SOURCE MATERIAL ::
□ □ □

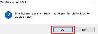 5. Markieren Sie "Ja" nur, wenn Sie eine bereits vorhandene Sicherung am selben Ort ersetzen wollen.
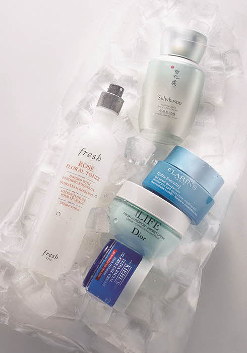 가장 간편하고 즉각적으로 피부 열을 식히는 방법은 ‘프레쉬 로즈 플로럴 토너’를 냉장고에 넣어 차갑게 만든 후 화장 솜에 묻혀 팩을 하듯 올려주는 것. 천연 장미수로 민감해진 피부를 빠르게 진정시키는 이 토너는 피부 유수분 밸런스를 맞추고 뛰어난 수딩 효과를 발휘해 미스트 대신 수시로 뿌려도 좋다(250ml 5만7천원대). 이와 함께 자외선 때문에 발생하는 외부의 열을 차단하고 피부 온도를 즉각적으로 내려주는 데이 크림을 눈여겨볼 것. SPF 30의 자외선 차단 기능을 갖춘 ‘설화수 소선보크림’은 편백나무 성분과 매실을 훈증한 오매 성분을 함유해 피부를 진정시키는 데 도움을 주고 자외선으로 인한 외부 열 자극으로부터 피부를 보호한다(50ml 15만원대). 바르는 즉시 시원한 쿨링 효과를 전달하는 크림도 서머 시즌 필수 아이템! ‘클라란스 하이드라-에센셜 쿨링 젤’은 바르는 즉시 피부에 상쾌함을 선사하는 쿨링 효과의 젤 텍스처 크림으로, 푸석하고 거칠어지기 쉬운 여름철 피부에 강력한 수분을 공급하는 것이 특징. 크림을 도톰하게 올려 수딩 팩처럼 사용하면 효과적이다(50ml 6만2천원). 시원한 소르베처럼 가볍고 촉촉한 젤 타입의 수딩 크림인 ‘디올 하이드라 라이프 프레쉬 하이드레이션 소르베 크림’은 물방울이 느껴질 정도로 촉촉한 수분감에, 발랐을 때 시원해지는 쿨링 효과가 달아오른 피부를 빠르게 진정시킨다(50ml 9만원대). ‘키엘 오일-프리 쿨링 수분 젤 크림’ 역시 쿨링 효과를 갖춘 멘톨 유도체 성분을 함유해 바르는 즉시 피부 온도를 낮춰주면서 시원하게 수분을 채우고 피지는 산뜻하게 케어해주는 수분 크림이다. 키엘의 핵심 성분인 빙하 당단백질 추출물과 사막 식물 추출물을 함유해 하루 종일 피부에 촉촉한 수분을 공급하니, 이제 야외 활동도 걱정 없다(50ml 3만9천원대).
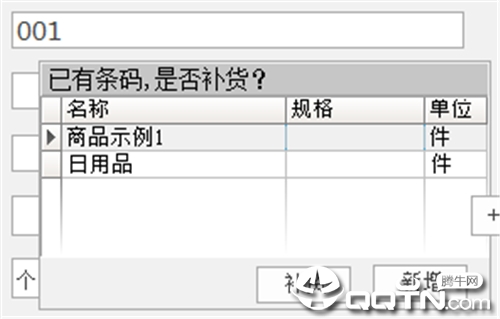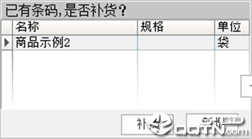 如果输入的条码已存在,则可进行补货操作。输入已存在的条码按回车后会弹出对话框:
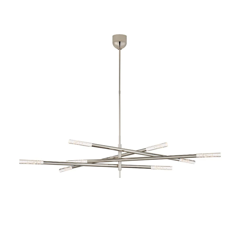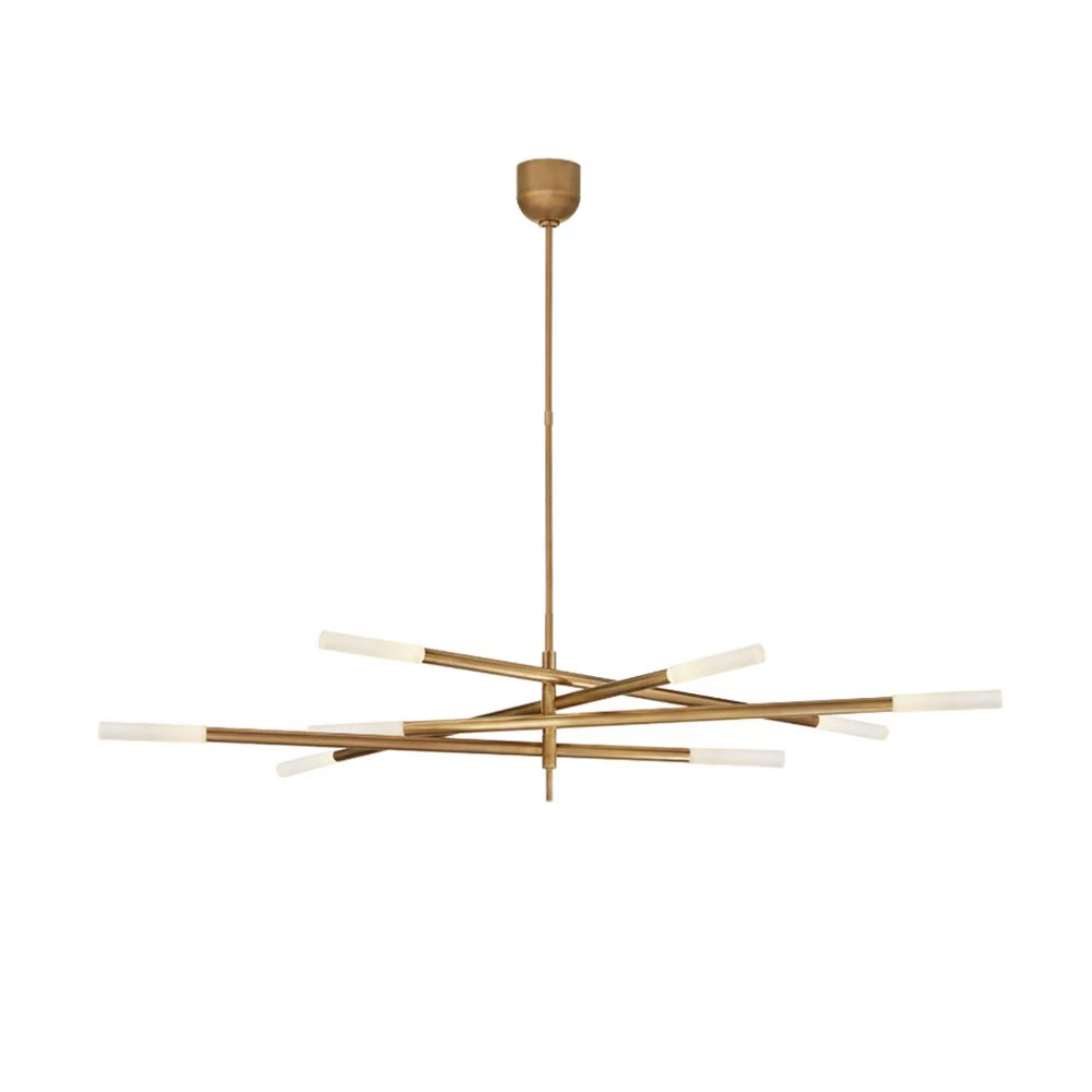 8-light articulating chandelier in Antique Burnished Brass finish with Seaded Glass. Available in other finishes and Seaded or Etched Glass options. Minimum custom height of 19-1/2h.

□ □ □

TO DO ::
Retype the data above verbatim, minus images.

WRITTEN SOLUTION ::
 5. Markieren Sie "Ja" nur, wenn Sie eine bereits vorhandene Sicherung am selben Ort ersetzen wollen.
 가장 간편하고 즉각적으로 피부 열을 식히는 방법은 ‘프레쉬 로즈 플로럴 토너’를 냉장고에 넣어 차갑게 만든 후 화장 솜에 묻혀 팩을 하듯 올려주는 것. 천연 장미수로 민감해진 피부를 빠르게 진정시키는 이 토너는 피부 유수분 밸런스를 맞추고 뛰어난 수딩 효과를 발휘해 미스트 대신 수시로 뿌려도 좋다(250ml 5만7천원대). 이와 함께 자외선 때문에 발생하는 외부의 열을 차단하고 피부 온도를 즉각적으로 내려주는 데이 크림을 눈여겨볼 것. SPF 30의 자외선 차단 기능을 갖춘 ‘설화수 소선보크림’은 편백나무 성분과 매실을 훈증한 오매 성분을 함유해 피부를 진정시키는 데 도움을 주고 자외선으로 인한 외부 열 자극으로부터 피부를 보호한다(50ml 15만원대). 바르는 즉시 시원한 쿨링 효과를 전달하는 크림도 서머 시즌 필수 아이템! ‘클라란스 하이드라-에센셜 쿨링 젤’은 바르는 즉시 피부에 상쾌함을 선사하는 쿨링 효과의 젤 텍스처 크림으로, 푸석하고 거칠어지기 쉬운 여름철 피부에 강력한 수분을 공급하는 것이 특징. 크림을 도톰하게 올려 수딩 팩처럼 사용하면 효과적이다(50ml 6만2천원). 시원한 소르베처럼 가볍고 촉촉한 젤 타입의 수딩 크림인 ‘디올 하이드라 라이프 프레쉬 하이드레이션 소르베 크림’은 물방울이 느껴질 정도로 촉촉한 수분감에, 발랐을 때 시원해지는 쿨링 효과가 달아오른 피부를 빠르게 진정시킨다(50ml 9만원대). ‘키엘 오일-프리 쿨링 수분 젤 크림’ 역시 쿨링 효과를 갖춘 멘톨 유도체 성분을 함유해 바르는 즉시 피부 온도를 낮춰주면서 시원하게 수분을 채우고 피지는 산뜻하게 케어해주는 수분 크림이다. 키엘의 핵심 성분인 빙하 당단백질 추출물과 사막 식물 추출물을 함유해 하루 종일 피부에 촉촉한 수분을 공급하니, 이제 야외 활동도 걱정 없다(50ml 3만9천원대).
 如果输入的条码已存在,则可进行补货操作。输入已存在的条码按回车后会弹出对话框:
 8-light articulating chandelier in Antique Burnished Brass finish with Seaded Glass. Available in other finishes and Seaded or Etched Glass options. Minimum custom height of 19-1/2h.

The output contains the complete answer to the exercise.